Figure 1. Gray-scale and white colored images of the Golden Gate Bridge

Our research looks into which types of error occur in colorized images, what causes these errors, and how we can use this information to improve the way colorization algorithms work. To answer these questions we performed a lot of calculations where we mainly calculated average colors and differences between colors. We made these calculations for 2% of the images in ImageNet, a dataset of over 14 million images which was used to train the image colorizer DeOldify.

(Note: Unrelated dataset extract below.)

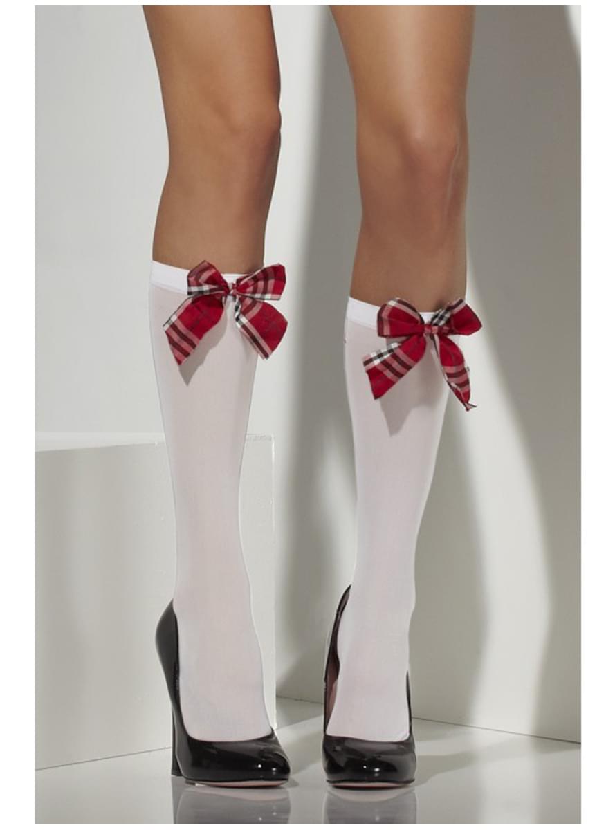 Inclui umas meias até aos joelhos de estudante, brancas, com uns laços aos quadrados.
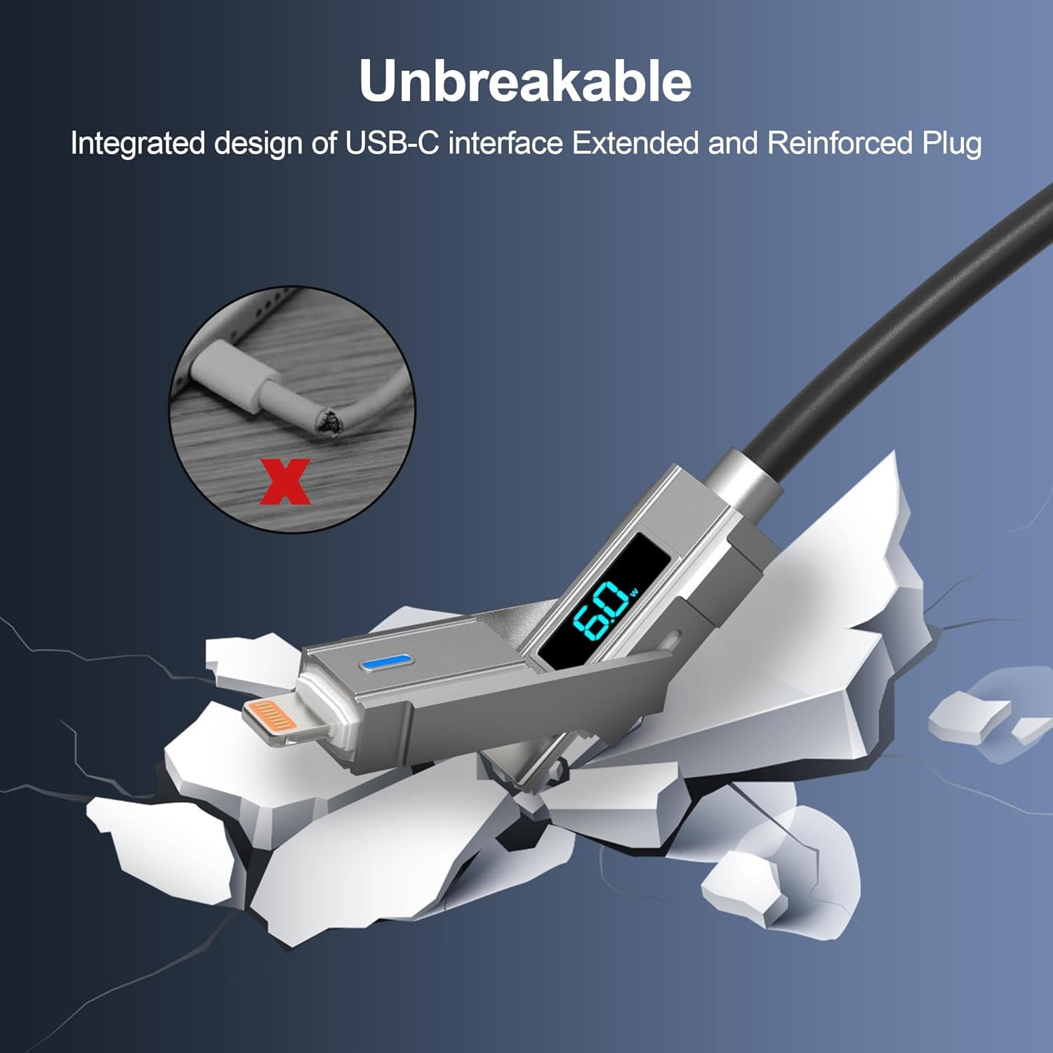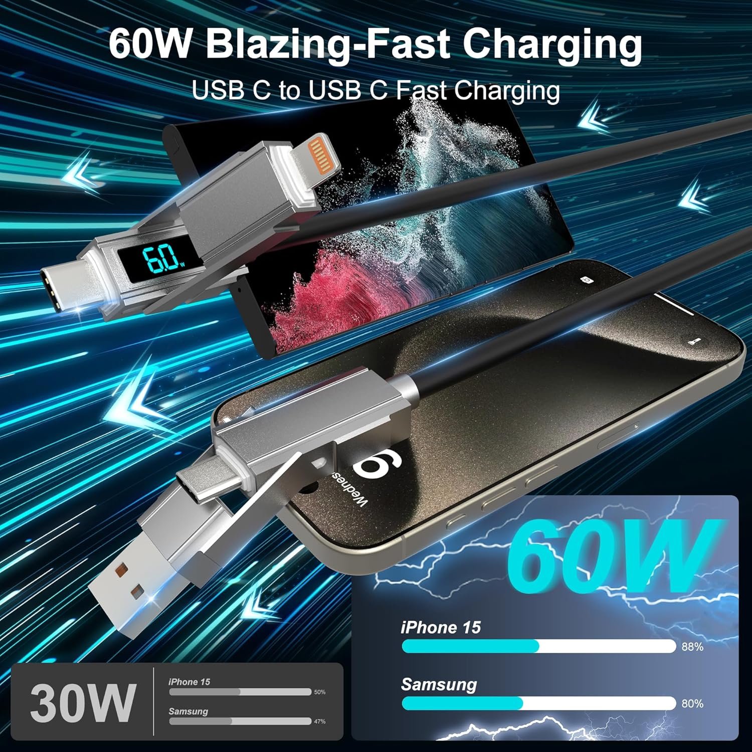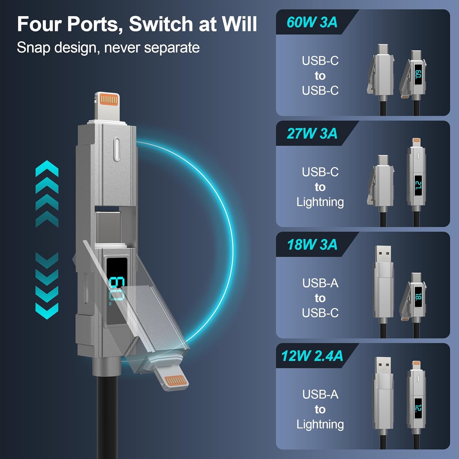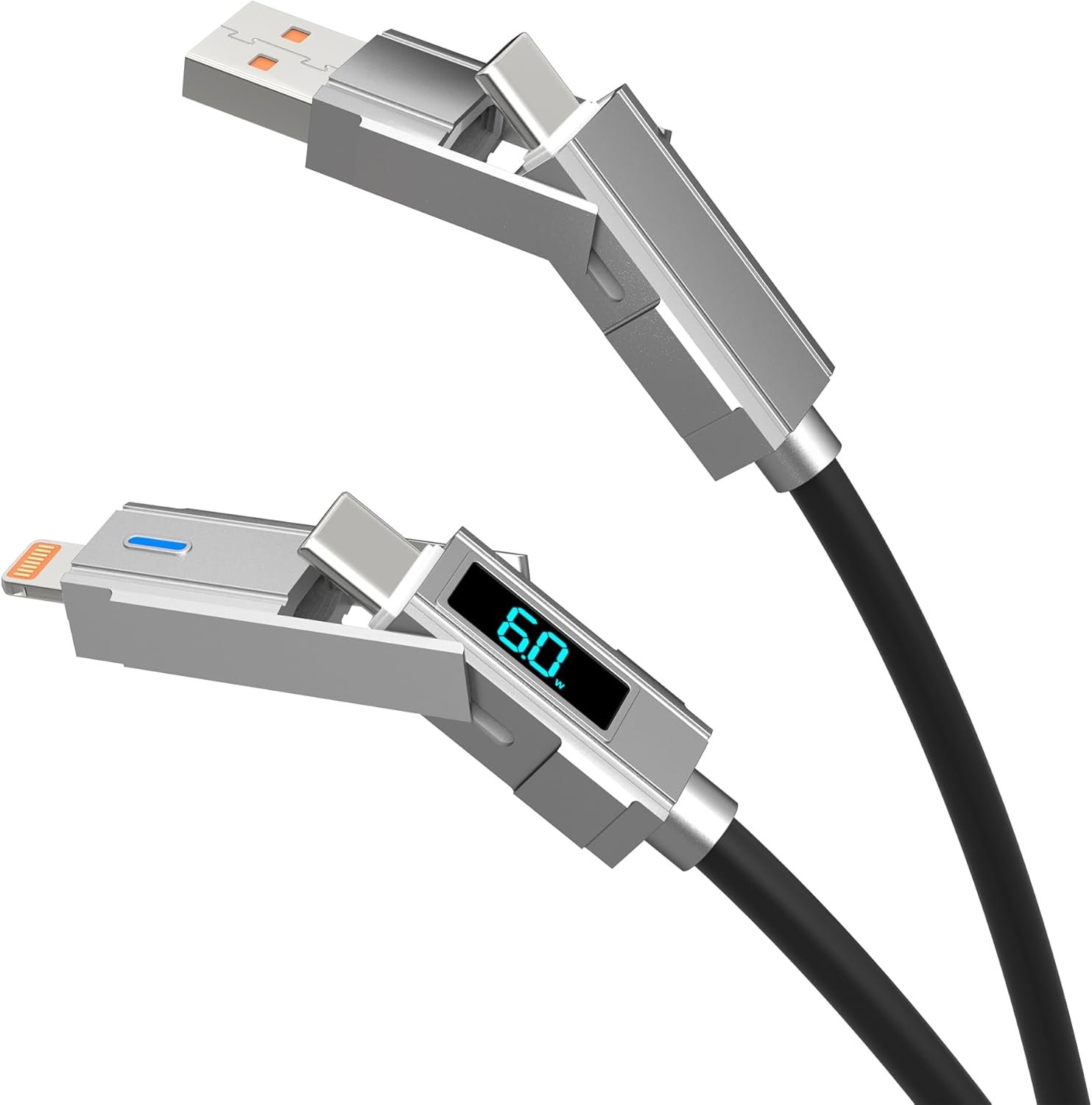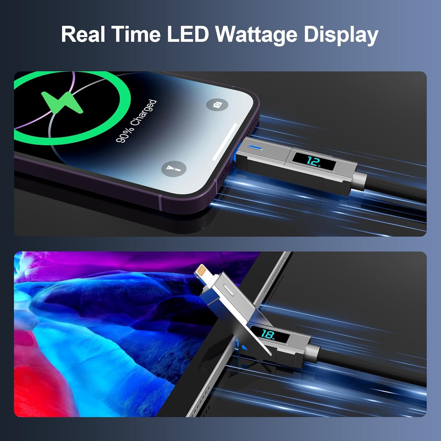 【4-in-1 & LED Display】 The 4-in-1 multi charger cable was designed with the idea of simplifying your life. It combines four ports and LED display into one cable. USB A to USB C, USB A to Lightning, USB C to Lightning, and USB C to USB C. Simplicity and efficiency, no need to carry multiple cables for different devices.

The complete ImageNet dataset is readily available on the public folder of the Geospatial Computing Platform of ITC, which facilitates analysis. After writing the code for the calculations on a Jetson AGX computing unit using a shared folder, we executed our program on the PowerEdge Big Data computing units. Even though we did calculations for over 200.000 images, we never had to wait longer than a day for the results. This is quite impressive as most of our calculations are done on a pixel-level in the images. So far we have gathered many results such as the average picture of ImageNet as shown below.


Figure 2. Average image of ImageNet calculated on the platform

Currently we are analyzing and concluding the final results, with a publication as the goal. We are impressed with the performance of the computing platform and are curious to see what the future will bring! We certainly wouldn’t have come this far without it.

Floris Weers

Floris Weers and Frank Stapel are two master students currently working on their master thesis for their study Technical Computer Science with a specialization in Data Science & Technology.

Frank Stapel

Research in colorization algorithms is a project next to their master thesis which they hope to publish in 2022 with dr. D. Bucur.